We should — to save ourselves — seek out what we could term ‘remedial lessons.’

The world is well set up for remedial lessons in many subjects. There’s no end of clever people who offer to help us to relearn, as adults, how to spell properly or do maths successfully.

But there are entire schools missing when it comes to emotional subjects. Where can we go to learn self-belief? Where is the art of learning to like ourselves taught? How can someone fill us in on the missing module on serenity or love? What would lessons in these subjects even look like?

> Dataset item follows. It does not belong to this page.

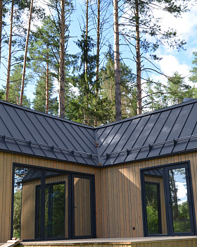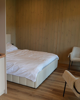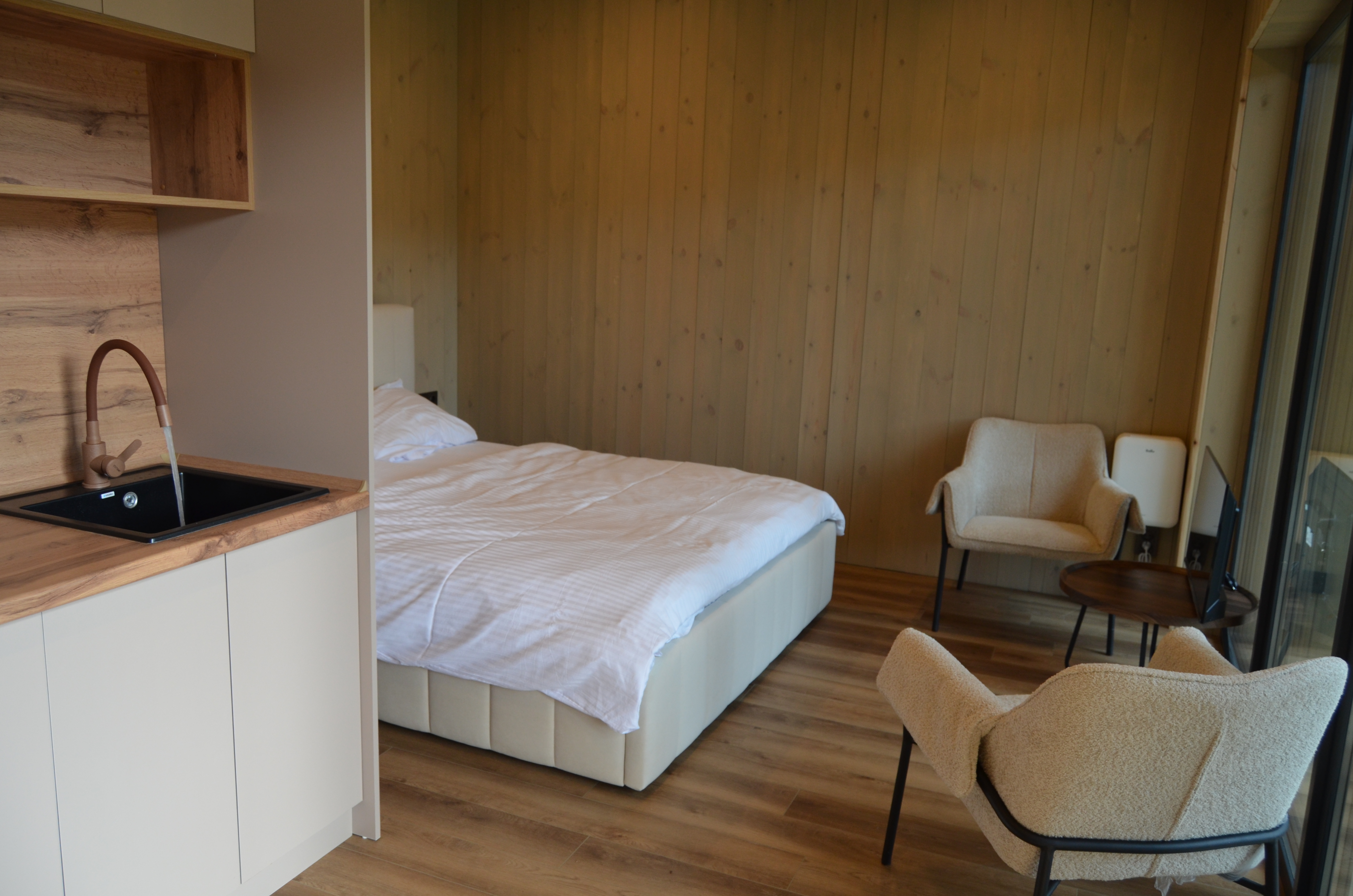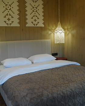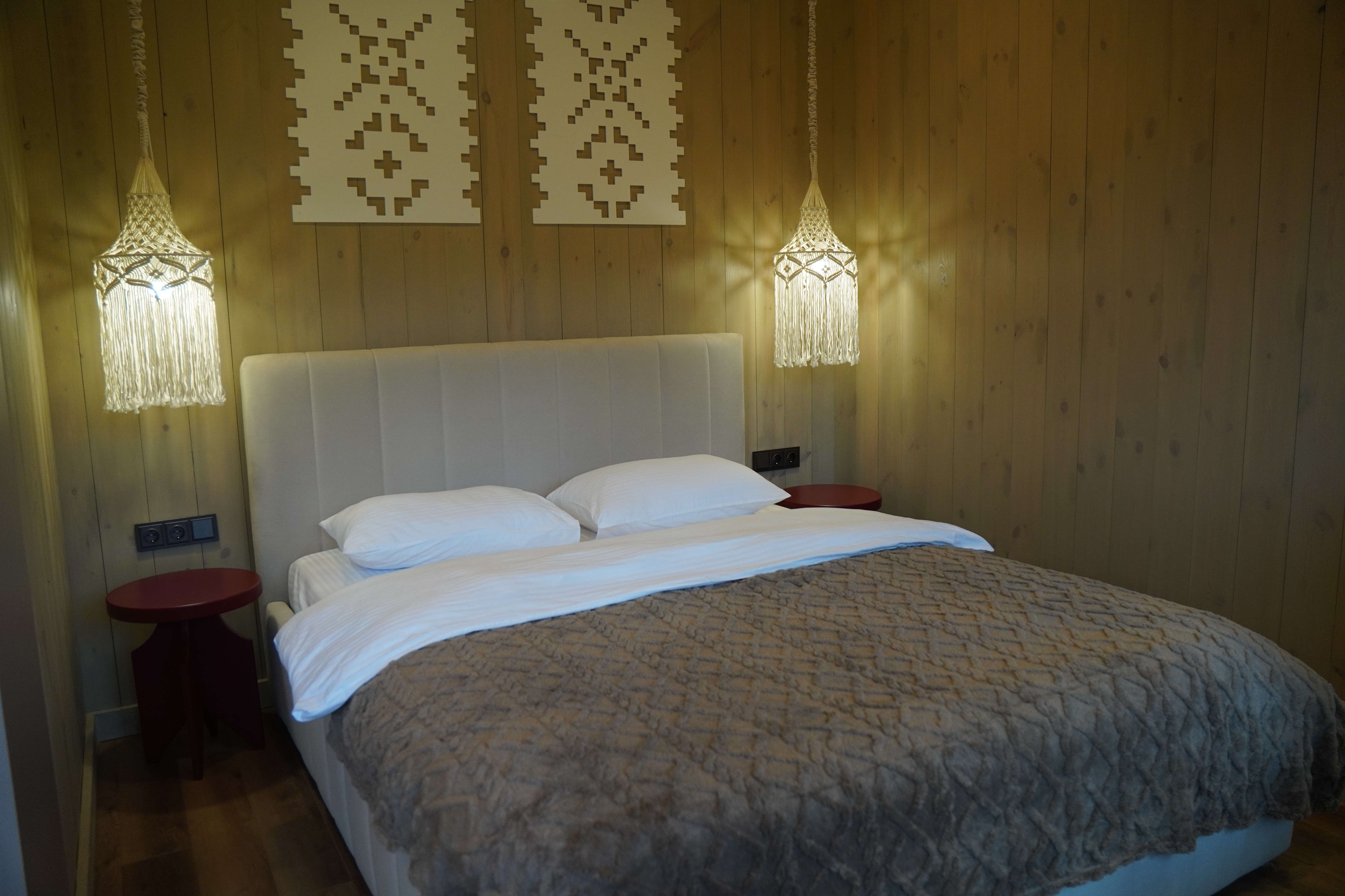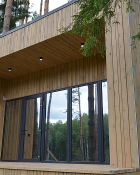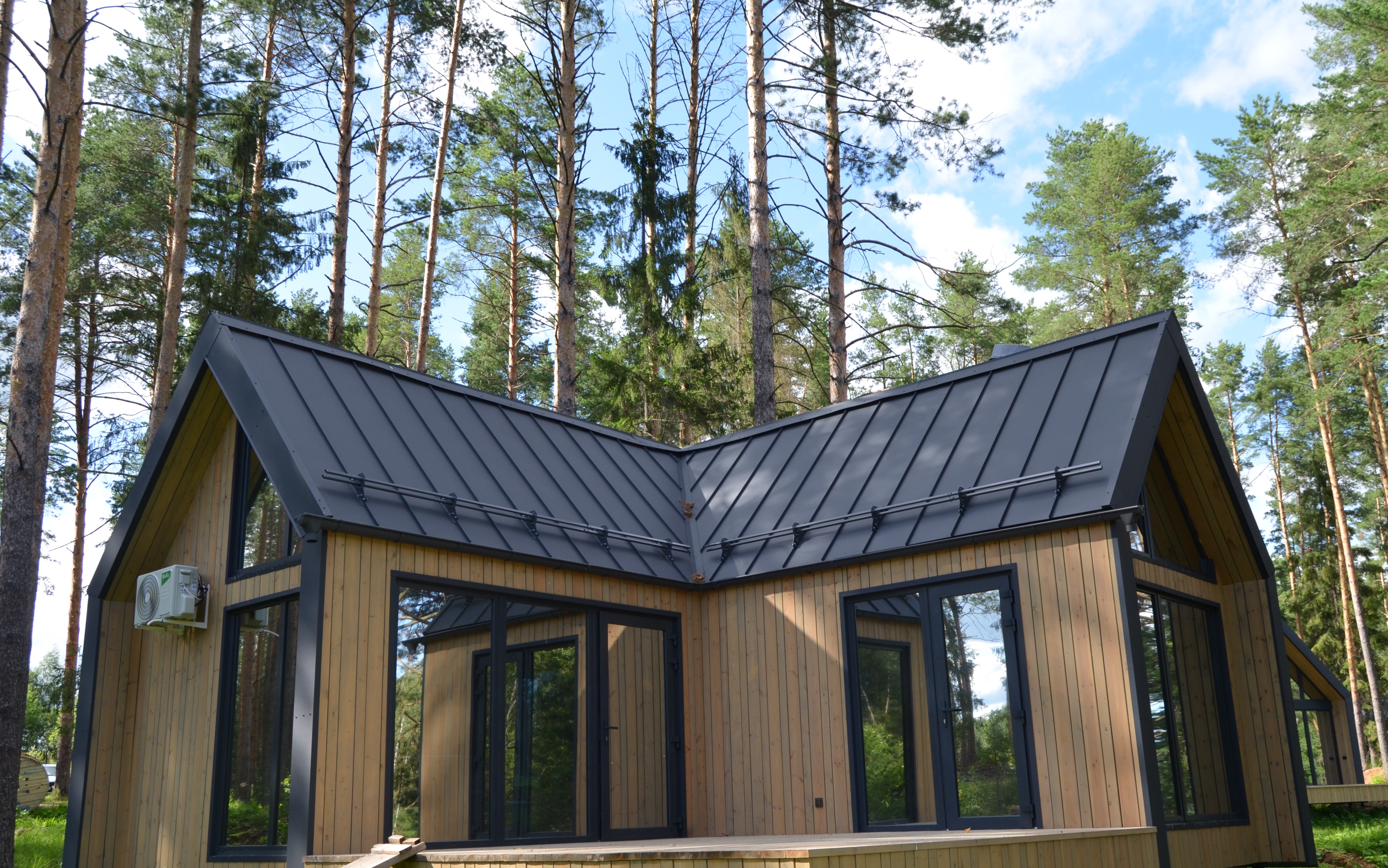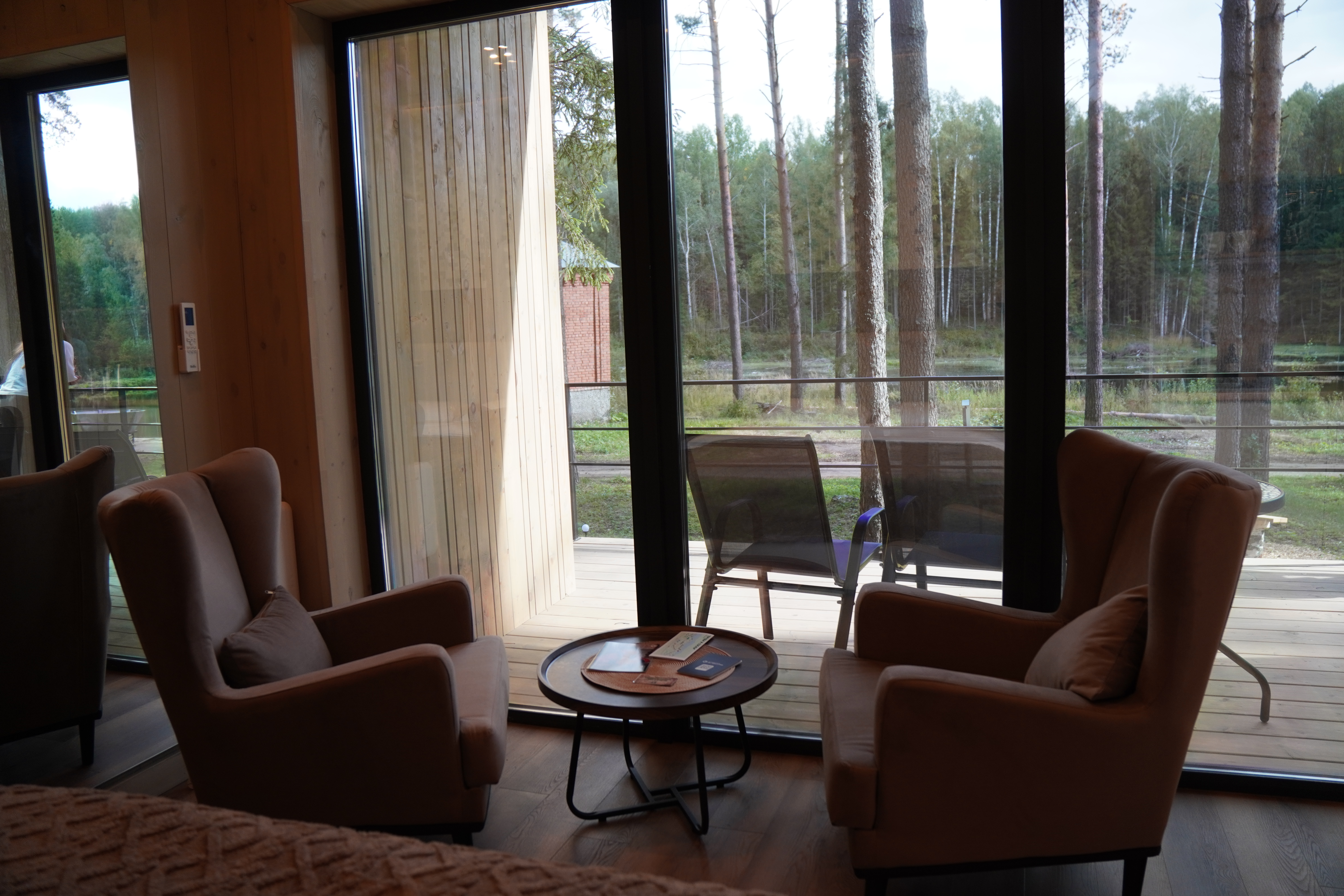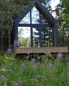 Здесь гостей ждут 33 модульных дома различной вместимости, стоящие на берегах трех прудов среди первозданного леса, в котором преобладают величественные сосны.

We are at the dawn of grappling with such odd-sounding questions — but raising the topic may at least help us to feel creative in our search for solutions. 

Some forms of remedial work can be found in fifty minute sessions with psychotherapists. But this by no means exhausts our requirements. In the future, we can imagine responses that are more in-depth, perhaps residential, that make use of our bodies, and that have involve us returning to aspects of childhood. We got ill long ago and so it is logical to think that getting better will require us to go back many stages to relearn some basic elements — the sort that are naturally taught to children between zero and ten in functioning families. We might, as middle aged people, have to repair to learning environments that owe quite a lot the atmosphere of the nursery. Perhaps a ‘class’ would mean going to a dimly lit, warm, soft environment in the company of people who were extremely kind, loving, generous and undemanding, a little like an ideal family might be around a toddler. The classes might need to go on for a number of years until strength and courage could gradually build up (if it takes us six or so years to learn French, learning self-esteem or courage might be no less speedy to acquire). 

While society finds its way to such classes, we can ask ourselves questions:

— What sort of lessons do my symptoms indicate I missed out on?

— What sort of remedial measures might I respond to and crave? (we should be wild and free in our responses. Perhaps we need to play with crayons or drums or stay in bed for a year; as people do after car crashes — emotional accidents deserving no less compassion and care).

Photo by Roman Mager on Unsplash

Trauma is a form of interrupted learning. We should do our utmost to understand what lessons our symptoms indicate we have not benefited from and show stubbornness and ingenuity in correcting what we have been denied.